Revolta dos Malês, uma página ainda por ser lida na história brasileira
Livro detalha movimento de negros muçulmanos em Salvador, na madrugada de 25 de janeiro de 1835.
Foto: reprodução |
A
história das revoltas sociais no Brasil ainda é um terreno a ser explorado.
Nesse sentido, um livro lançado no final do ano passado traz luz a um episódio
pouco conhecido e que completará 189 anos no próximo dia 25. Ficou conhecido
como Revolta dos Malês, ocorrida no século 19 em Salvador. Malês eram os
escravos muçulmanos, que se rebelaram contra a segregação e a violência.
Assim,
para o professor e ativista Juarez Xavier a Revolta dos Malês foi o
“modelo ético/estético” de um tipo de brutalidade do Estado. Que passa por
Canudos (1896/7) e chega aos dias de hoje, como no massacre do Carandiru (1992)

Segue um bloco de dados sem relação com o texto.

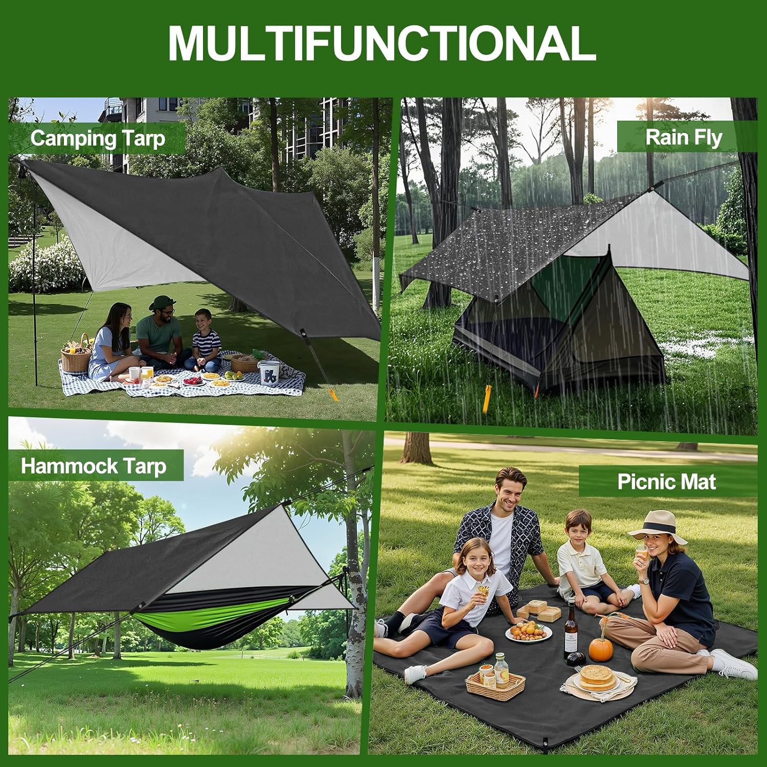 Sunshade Tent: The hammock rain fly is covered with a sunscreen coating that provides protection from the sun and rain. Featuring 3mx3m/9.8ftx9.8ft, it can accommodate 2-3 people to use.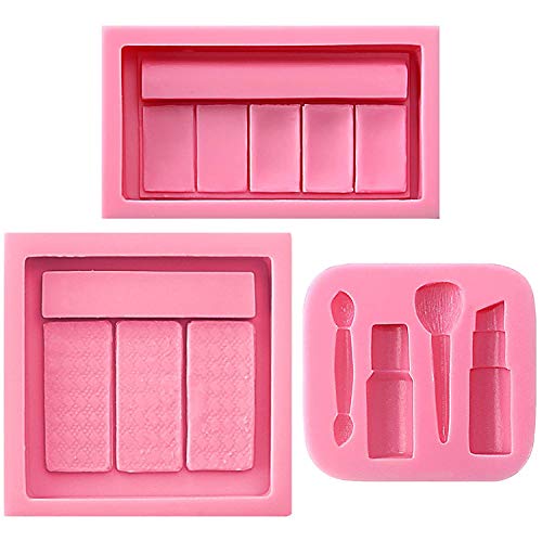Musykrafties Make-Up Tools Fondant Candy Silicone Mould, Eye Shadow, Blusher Palette, Lipstick 3-Piece Set for Fondant Cake Decoration, Cupcake Topper, Polymer Clay, Crafting, Resin Epoxy

ou na chacina de Jacarezinho (2021). A lógica é a mesma, afirma: “Cercar e
aniquilar a horda de desordeiros, pobres, pretos e abandonados”.
Xavier
assina o prefácio do livro Malês – A revolta dos escravizados na Bahia
e seu legado (Planeta, 336 páginas), escrito pelo jornalista paulista
(de Bauru) Gilvan Ribeiro, 59 anos, conhecido, entre outras obras, pelo
livro Casagrande e seus demônios, lançado em 2013. A “orelha” do
livro traz texto do sociólogo e professor Muniz Sodré.
Retrovisor
da história
O
Brasil de 1835 contava apenas 13 anos desde a proclamação da Independência. E
11 de sua primeira Constituição, imposta por Dom Pedro I, sem a abolição da
escravatura ou a emancipação das mulheres. Um período marcado por vários
levantes. E também, como assinala Xavier, o “temor das elites no retrovisor da
história”, com a recente revolta dos escravos no Haiti. No Brasil, dos séculos
16 a 19, teriam sido trazidos 4,8 milhões de crianças, mulheres e homens
escravizados. Ao mesmo tempo, indígenas eram sistematicamente dizimados.
“Desse
sistema circular que envolvia metrópole, colônia e continente africano,
derivaram três fenômenos que se estendem pelo eixo temporal do país: a
descartabilidade humana, o apartheid social e a subcidadania no porão da
sociedade”, assinala o prefaciador. Já o autor do livro lembra que a Revolta
dos Malês não é tratada como acontecimento isolado, “que acabou dizimado
sem deixar consequências, mas sim como um dos mais impactantes eventos de uma
marcha histórica que continua em curso”.
Cenário
devastador
Gilvan
detalha a procedência e as motivações dos revoltosos, que estimativas
consideradas por ele mais confiáveis seriam em torno de 600. Saíram às ruas, na
madrugada de 24 para 25 de janeiro de 1835 (no final do período sagrado do
Ramadã), com porretes, foices, facas, lanças, espadas, quase nenhuma arma de
fogo. Foram reprimidos sem piedade pelas forças policiais, alertadas por
delações – as informações vazaram (inclusive após uma briga de casal) e
precipitaram o movimento.
“O alvorecer revelaria um cenário devastador para o sonho de liberdade do malês. Quem percorresse o trajeto da Fonte do Xixi até o Quartel da Cavalaria iria se deparar com dezenove corpos de africanos, deixados no chão após o final do combate”, descreve o autor. “Sem contar os que sucumbiram no mar e desapareceram levados pelas águas.” O chefe da polícia contabilizaria 50 mortos, mas segundo Gilvan o número “seguramente” passou de 70. Um dos corpos foi, inclusive, enterrado sem cabeça, que foi parar na Universidade de Harvard, nos Estados Unidos. Centenas foram sepultados em desacordo com as normas muçulmanos. E muitos também conseguiram escapar do cerco policial.
O jornalista e pesquisador dedica um capítulo à contribuição dos blocos afros de Salvador, que em seu trabalho mantêm a história viva. Blocos como o Malê Debalê, criado em 1979, o Olodum e o Ilê Ayê. Com a violência e o preconceito atingindo desde sempre a população negra, o debate segue contemporâneo.